Would you repeat word for word the lines of the listing that follows, from the one with "作为近年来备受瞩目的新生代演" up to and including the one with "1. ⚒️【𝐒𝐓𝐔𝐑𝐃𝐘&𝐃𝐔𝐑𝐀𝐁𝐋𝐄 𝐌𝐀𝐓𝐄𝐑𝐈𝐀𝐋】The", and leave out the images?

************

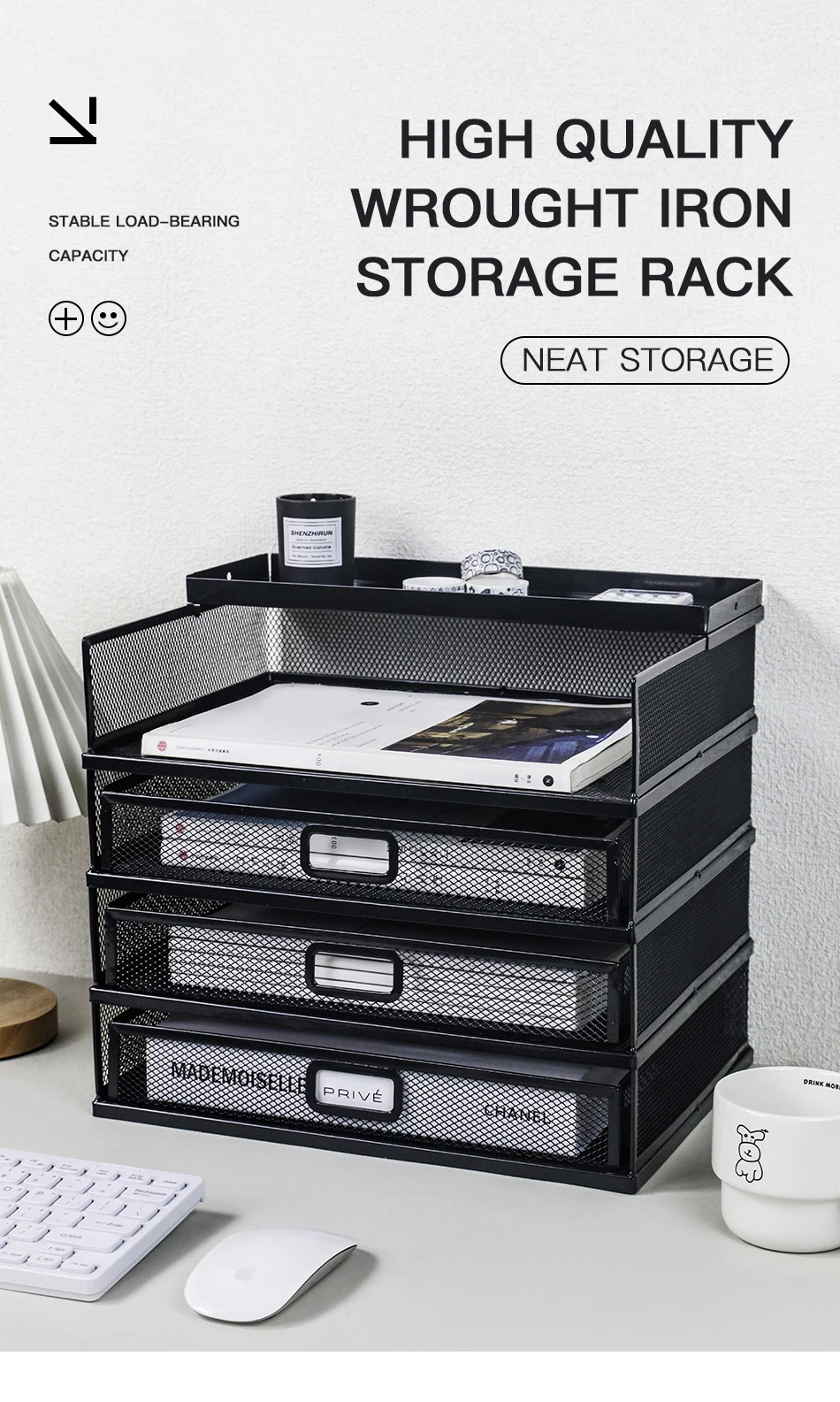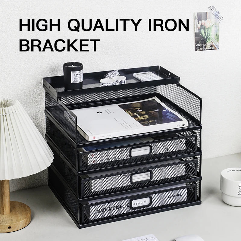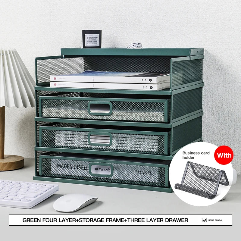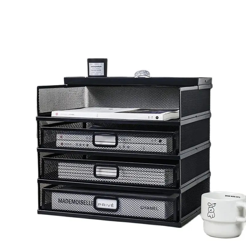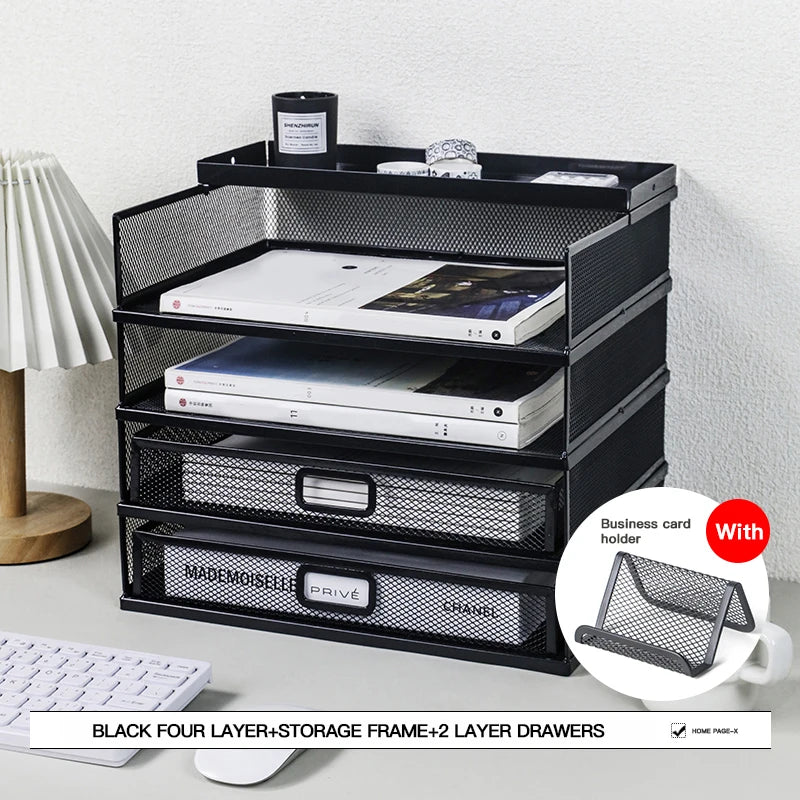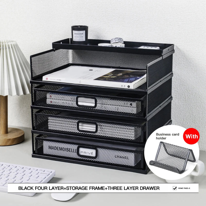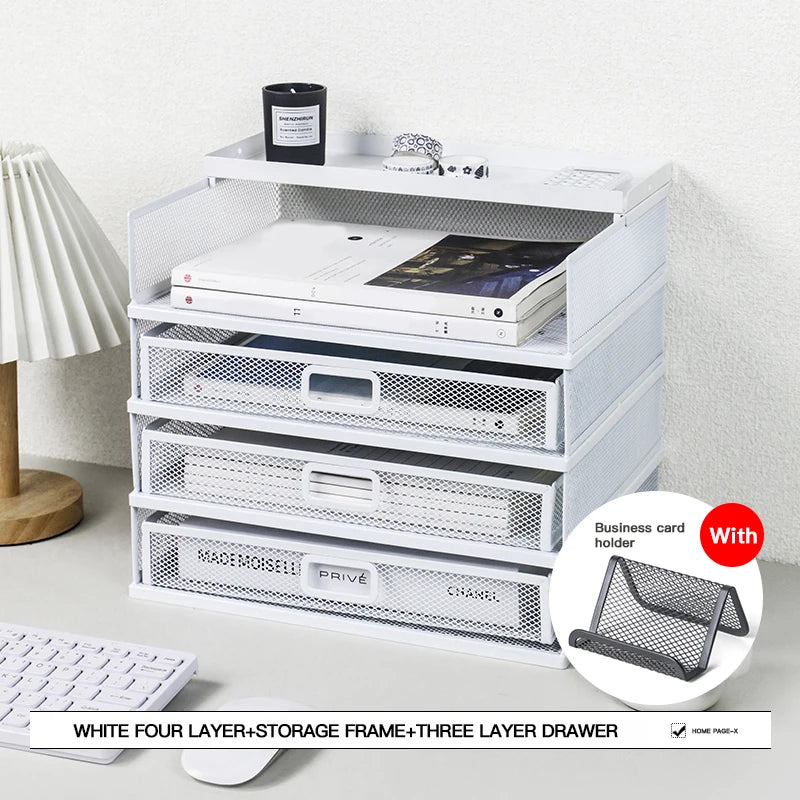 Desk storage rack with drawer, screen storage tray, multi-function classifier file rack, home office supplies storage
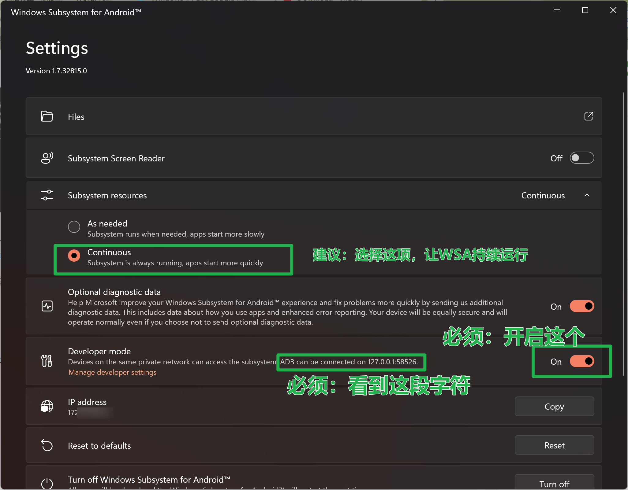 - 建议上面的Subsystem resources选项设为Continuous,也就是一直运行安卓子系统
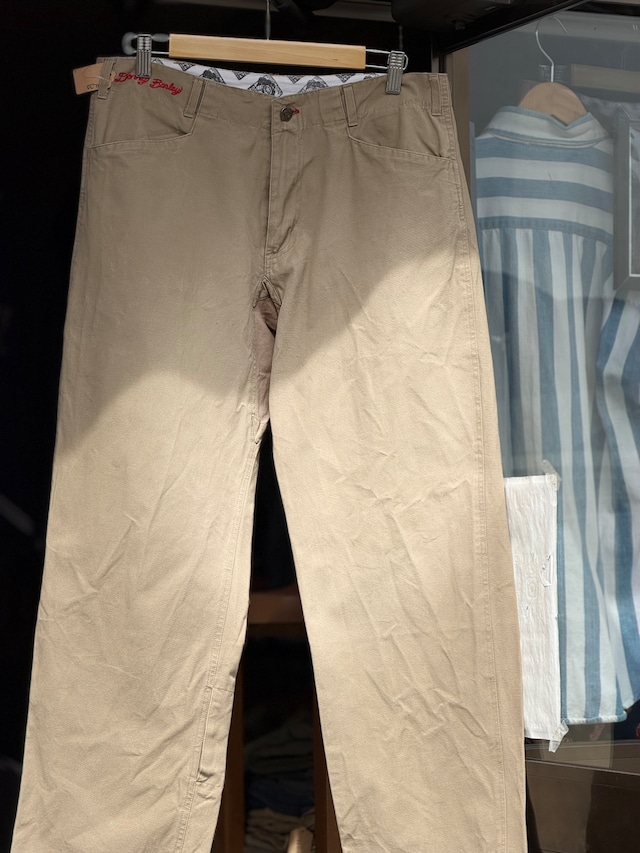 【詳細】 残念ながらBEN DAVISではありませんが、フリスコパンツタイプのチノパンです。 1992年にプロスケーター"Johnny Schillereff"よって設立されたスケートボードブランド"ELEMENT" そのELEMENTの中でも、90~00年代にハイスピードかつ力強いスケーティングを見せて活躍したイーストコーストを代表するレジェンド"Donny Barley"氏とのコラボラインである"BURLEYS"のチノパンになります。 ハードなスケーティングに耐えうるようコットン100%のしっかりした生地を使用し、動き易さを確保するために股下にはストレッチ素材を採用。 右裾に何故かマジックテープ付きの隠しポケット、裾にスリットが設けられています。 意味わからなくも無いという、なんとも絶妙な嬉しいポイント。 フロントポケットはL字型のフリスコパンツタイプのモノが採用されています。 トップボタンはスナップではありませんが。 タグやベルト裏はBEN DAVISのパロディを感じさせる、なんとも遊び心の効いたデザインです。 BEN DAVISやビンテージではないので、お手頃価格のフリスコタイプだと思います。 実寸サイズはW32×L30になります。 全体的にやや使用感を感じますが、目立ったダメージや汚れも見受けられず状態良好となります。 【商品形状】 スケートパンツ 【商品カラー】 カーキ(ベージュ) 【商品素材】 コットン100% 【ブランド】 BURLEYS ELEMENT SKATEBOARD 【製作国】 中国 【商品状態】 A (SS)デッドストック、ワンウォッシュの商品 (S)汚れ、使用感がほぼなく美品の商品 (A)多少の使用感、僅かな汚れやダメージがあるが気にならない程度の状態良好の商品 (B)使用感、汚れやダメージがあるが着用に支障はない商品 (C)大きなダメージや使用感がある商品 【商品サイズ】(実寸、インチ表記) W32×L30 ※平置寸法 ※多少の誤差はご了承ください
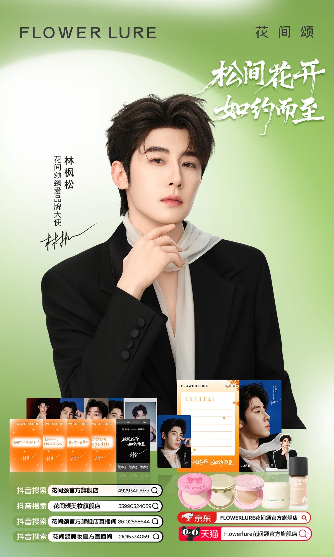 作为近年来备受瞩目的新生代演员,林枫松凭借在多部热门影视作品中细腻的情感演绎,积累了大量拥趸,其清新俊朗的形象与花间颂主打的“东方浪漫主义”高度契合。
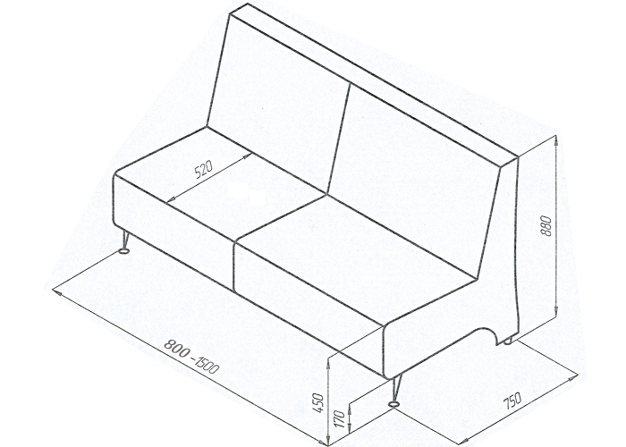 Современный диван без спального места. Наполнение поролон. Для изготовления на заказ необходимо выбрать обивочные ткани.
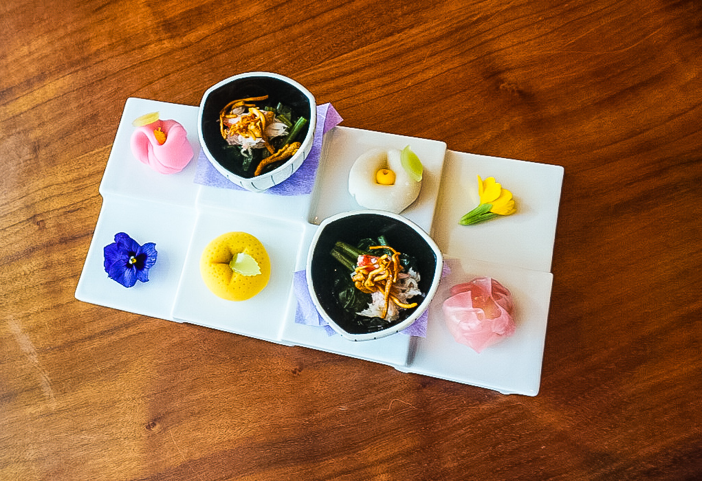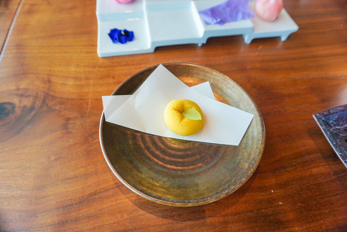 「華凛〜Temarisushi〜」の中で、忘れてはいけないのがこちら!本日のお浸しとともに別皿で供される和菓子のデザートも、アーティスティック。冬のメニューでいただいた柚子やお花に見立てた練り切りは、とっても繊細で食べるのが惜しくなるくらいでした。
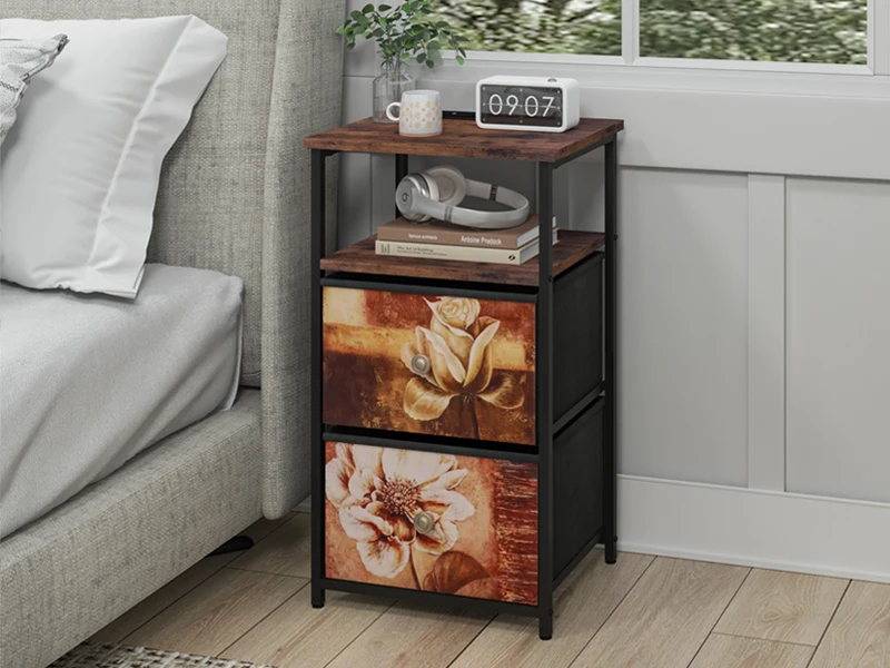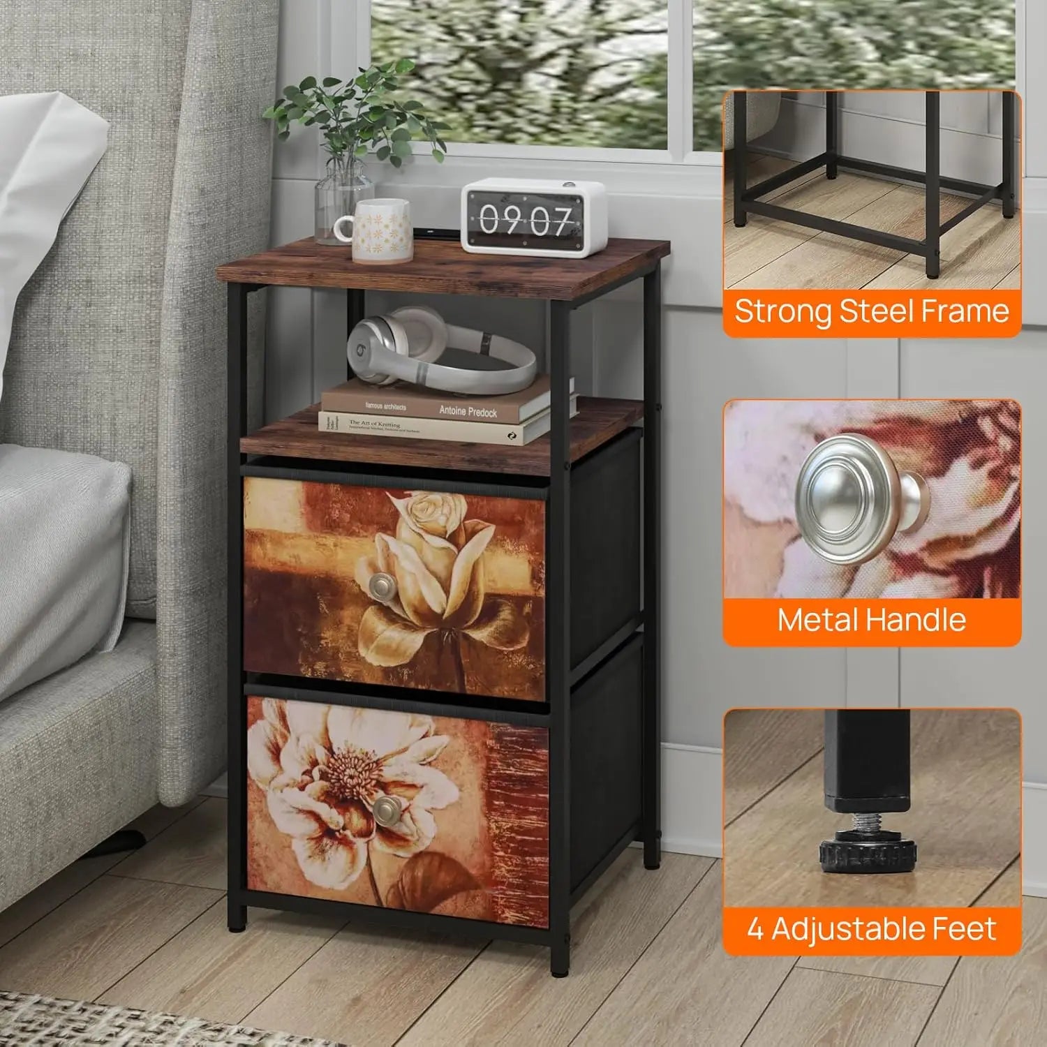 1. ⚒️【𝐒𝐓𝐔𝐑𝐃𝐘&𝐃𝐔𝐑𝐀𝐁𝐋𝐄 𝐌𝐀𝐓𝐄𝐑𝐈𝐀𝐋】The retro-style bedside table with drawers is made of high-quality materials, blending non-woven fabric and black metal frame to create an elegant atmosphere in your home while ensuring longevity and reliability for daily use. Wearing adjustable feet will protect your floor from scratches and ensure stability on uneven surfaces.
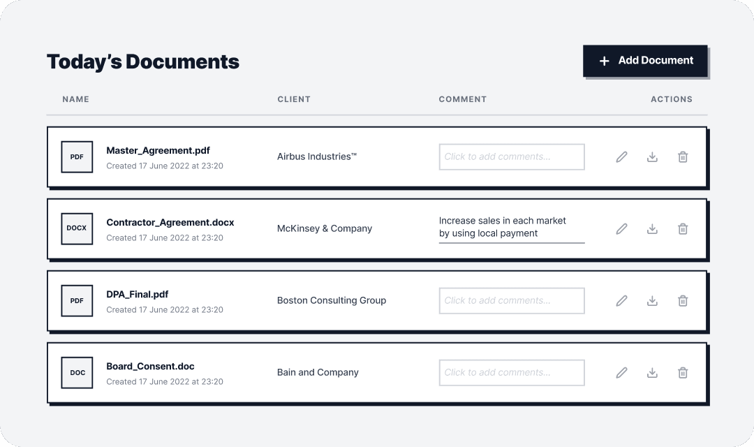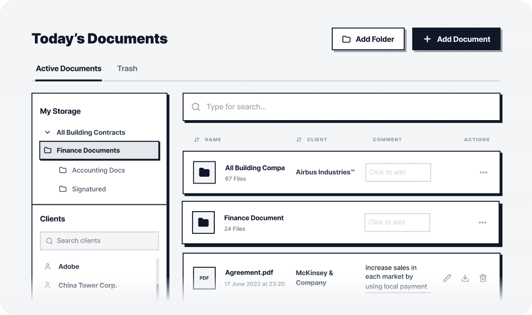 The dashboard gives senders a full picture at a glance: active documents, client associations, and quick actions in one view. Folder-based navigation and client search sit in a persistent left panel, keeping the workspace organized as document volume grows.

************

TASK RESULT:
 作为近年来备受瞩目的新生代演员,林枫松凭借在多部热门影视作品中细腻的情感演绎,积累了大量拥趸,其清新俊朗的形象与花间颂主打的“东方浪漫主义”高度契合。
 Современный диван без спального места. Наполнение поролон. Для изготовления на заказ необходимо выбрать обивочные ткани.
 「華凛〜Temarisushi〜」の中で、忘れてはいけないのがこちら!本日のお浸しとともに別皿で供される和菓子のデザートも、アーティスティック。冬のメニューでいただいた柚子やお花に見立てた練り切りは、とっても繊細で食べるのが惜しくなるくらいでした。
 1. ⚒️【𝐒𝐓𝐔𝐑𝐃𝐘&𝐃𝐔𝐑𝐀𝐁𝐋𝐄 𝐌𝐀𝐓𝐄𝐑𝐈𝐀𝐋】The retro-style bedside table with drawers is made of high-quality materials, blending non-woven fabric and black metal frame to create an elegant atmosphere in your home while ensuring longevity and reliability for daily use. Wearing adjustable feet will protect your floor from scratches and ensure stability on uneven surfaces.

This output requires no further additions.